Automated Data Querying and Visualization Tool for Business Analysts

alltegrio.com
Telecommunications

Challenges Faced by Telecommunication Companies in Data Access and Visualization

The client requires a comprehensive toolkit that enables Business Analysts to seamlessly query, visualize, and manage data across multiple databases without extensive reliance on IT support. Current manual processes hinder rapid decision-making and data-driven insights, leading to increased time and resource allocation toward content research and data retrieval.

About the Client

A large telecommunication enterprise seeking to empower business analysts with self-service data access and visualization capabilities to enhance decision-making and reduce reliance on IT resources.

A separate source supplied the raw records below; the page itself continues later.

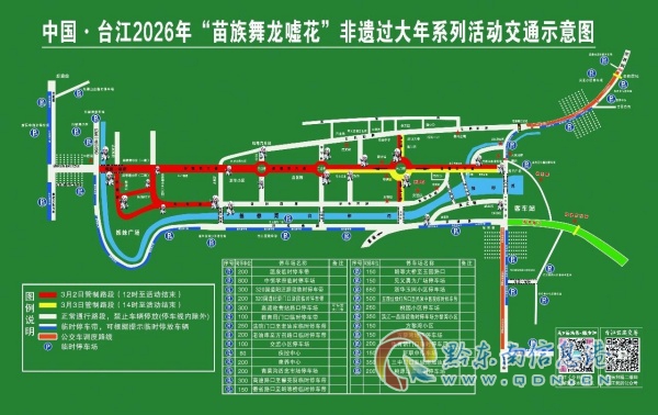 2026年3月1日至3月3日,中國·臺江2026年“苗族舞龍噓花”非遺過大年系列活動在我縣隆重舉行。屆時(shí)將吸引數(shù)以萬計(jì)的群眾前來觀看。本著“精心組織、周密安排、熱情服務(wù)、安全暢通”的原則,經(jīng)研究決定,活動期間將對城區(qū)部分道路分時(shí)、分段實(shí)施臨時(shí)交通管制措施,現(xiàn)將有關(guān)事宜通告如下:
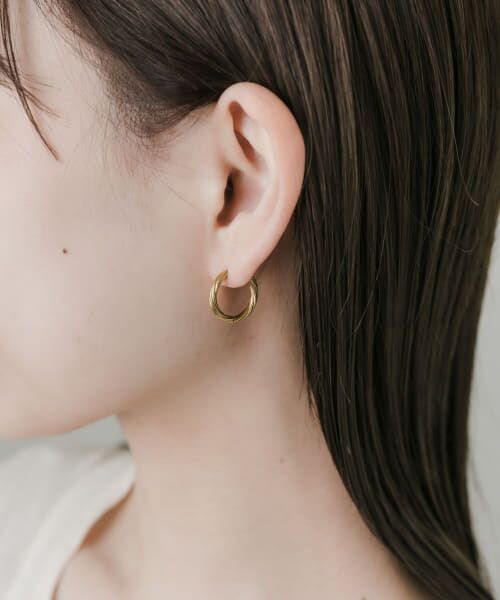 シンプルなミニサイズのフープピアスをツイストデザインでご用意。
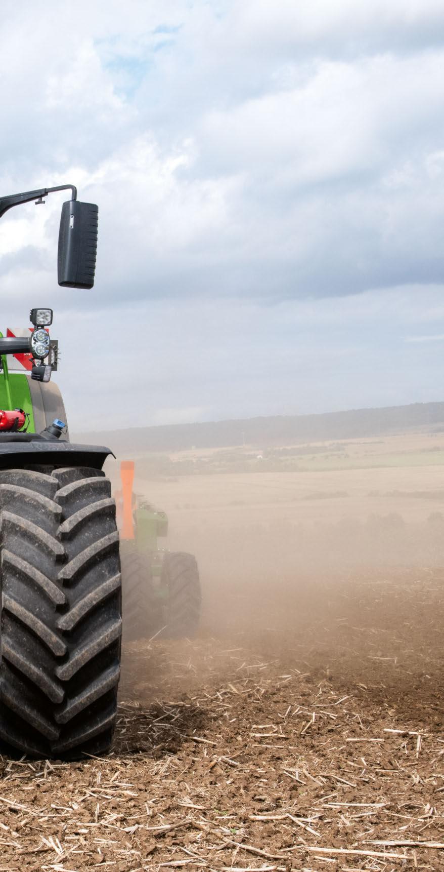 • Fuldt integreret dæktryksstyring med køretøjets egne ventil- og luftføringsteknik - op til 8 % dieselbesparelse og op til 10 % mere trækkraft på marken

Goals for Developing an Automated Data Query and Visualization Platform

  • Enable Business Analysts to independently query diverse databases via natural language or verbal questions.
  • Implement real-time code generation for data visualization and dashboard creation using integrated AI capabilities.
  • Automate retrieval and refreshment of database schemas and datasets to ensure analysts have access to the most current data.
  • Streamline decision-making processes by providing rapid, visual insights through web-based dashboards and charts.
  • Reduce data retrieval and processing times, aiming for significant performance improvements.

Core Functional Specifications for the Data Analytics Platform

  • Natural language/voice question translation to structured SQL queries suitable for multiple database types (e.g., MS SQL, PostgreSQL, Redshift, MongoDB).
  • AI-driven code generation to convert queried datasets into web-based dashboards featuring charts, time series, and graphs.
  • Automated schema detection and query generation based on user input by leveraging a vector database storing DDL and schema information.
  • Integration of Python-based pipelines to automatically update schema and table metadata for accuracy.
  • Web-based application interface, with options for deployment on cloud platforms such as AWS or Azure.
  • Ability to send visualizations directly to communication tools like Slack.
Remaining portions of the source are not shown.